Semantic Retrieval Augmented Generation With Lume

This is a project to bring Tieto's flat-file embedding storage and semantic matching capabilities to Lume's powerful document processing, generation capabilities and data model in order to produce a semantic data store that runs happily at the (freemium) edge with few resources.

That sounds like a lot, so it's easier to describe by telling you what it will let you do instead:

Add true semantic search into your document site or blog that you can fine-tune; use a free Nomic Atlas key for embedding, or (with a VPS and 256 MB of RAM) do your own embeddings. Become your own limited "Algolia"
Provide verbatim, semantic-accessible of LLM conversations through MCP interaction (using Lume's router middleware)
Provide LLMs semantically-accessible short-term memory that you host through MCP.
Easily create "Librarian" agents to narrate any given text corpus, useful for corporate assistants.
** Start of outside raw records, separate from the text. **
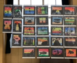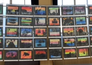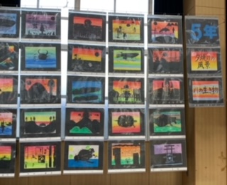 5年 平面作品「夕焼けの風景」「川の生き物」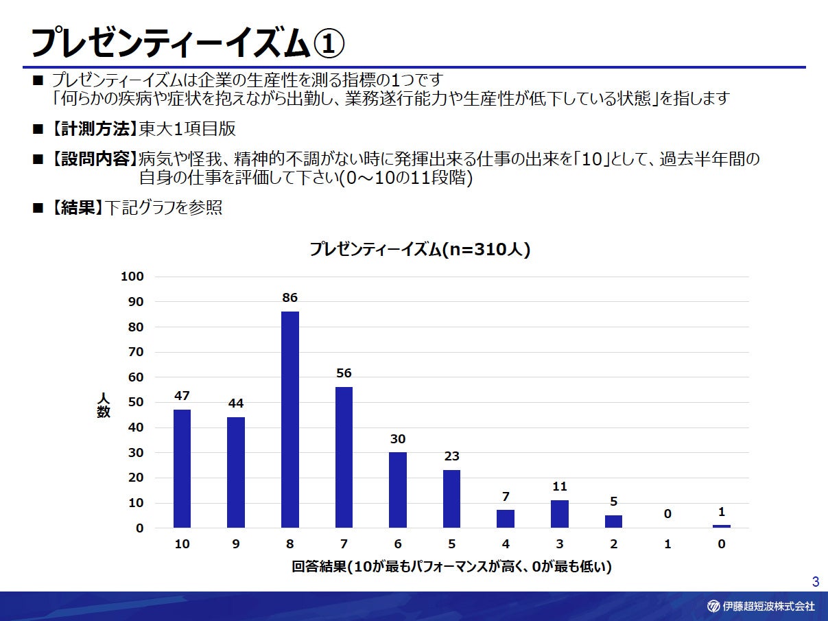 弊社では従業員へのアンケートをもとに、従業員の健康状態を把握、数値化しています。今後もこれらの指標を取り入れながら従業員の健康維持・増進に努めてまいります。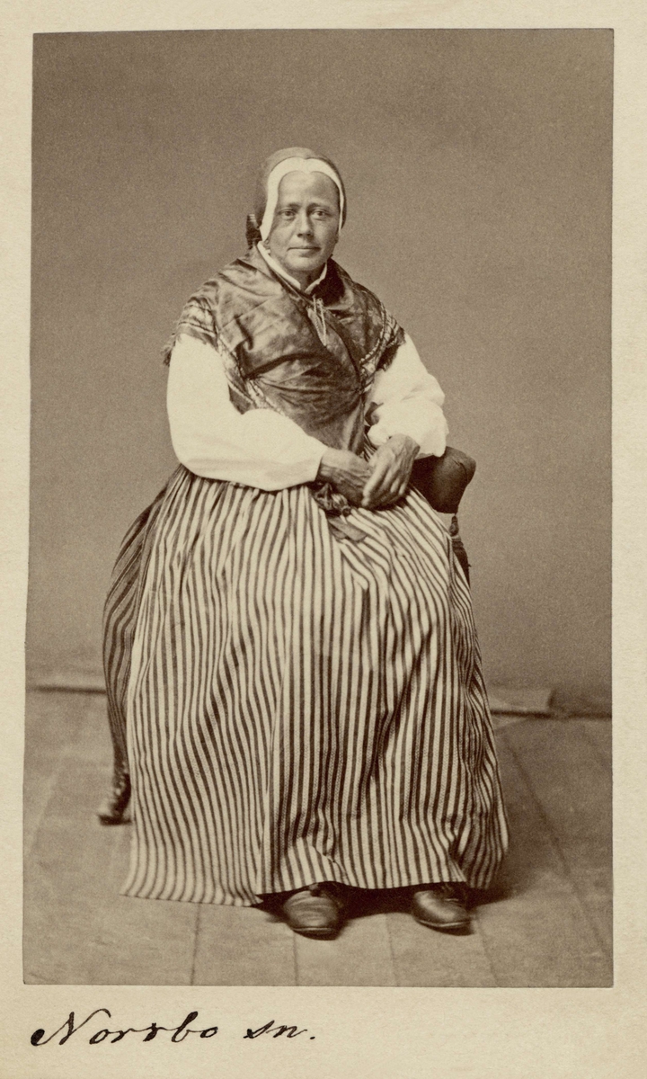 Norrbo (antagligen)." Kvinna poserar i en sockendräkt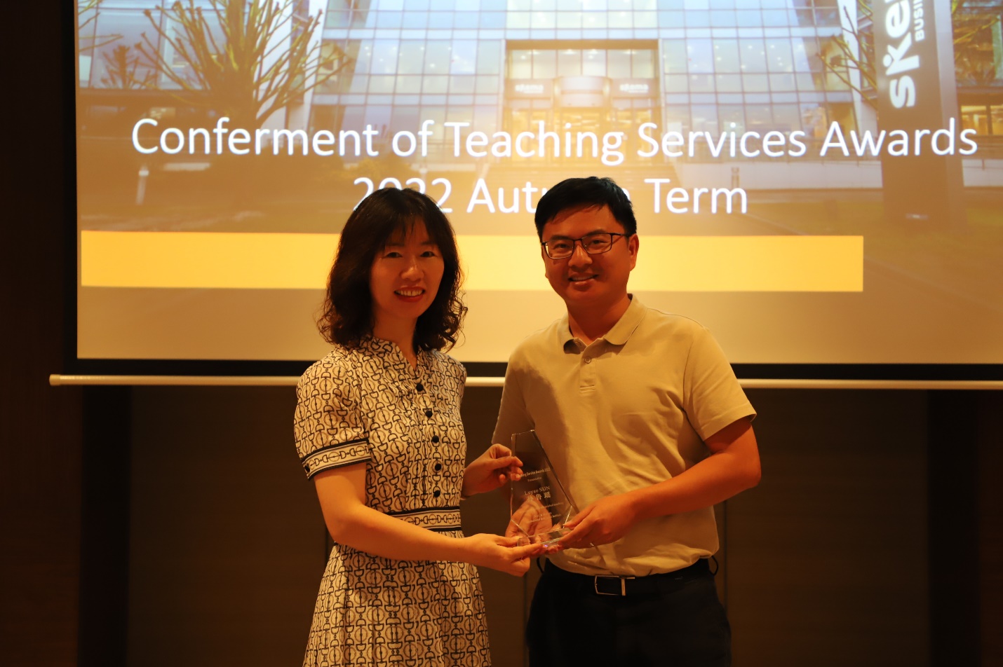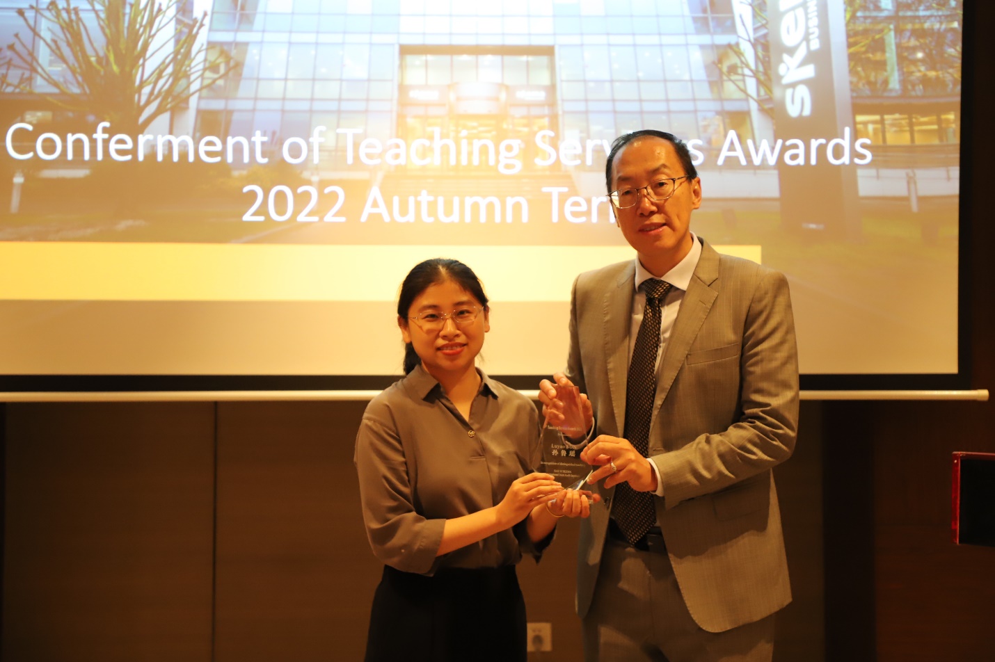 最后,学院为上一学年表现突出的三位教师进行了表彰和颁奖。国际联合审计学院的教务团队一直为教师工作提供强大支撑,激励教师为探索更加国际化、专业化的教学体系而不断努力。

Because Tieto adds no dependencies on top of Lume, it doesn't alter the existing SOC footprint for most companies, so it's an ideal RAG for teams that just need to have access to something that works (runs fine on an old 13 chrome book, Nomic Text v2 1.3B model included!)

Requirements

If you just want semantic search, meaning you want something like a basic version of Algolia but you own 100% of the code:

You will need to have a free Nomic Atlas key, or the ability to run the open source Nomic Text v2 model. Nomic Text can be run using a quantized (.gguf) version of the model with llama.cpp to serve it at under 300MB resident size. I recommend this route if you can afford it.
You will need to be able to host a Lume site on Deno Deploy or a VPS. If you have no money for your project, you can use the free versions and get a free Nomic key. If you cen afford a VPS, you can host embedding and even completion yourself. It's up to you and your budget.

If all you want is semantic search and some MCP endpoints, all you need is access to embeddings, which can be obtained at no cost.

Retrieval-only by default. BYOM for completion, too.

If you also want completion, as in RAG (retrieval-augmented generation), then you will also need to be able to provide a completion model key and provider (Featherless, OpenRouter, OpenAI, Anthropic, Etc), or host the completion model along with the embedding model.

Current Status

Still in development and not yet functional.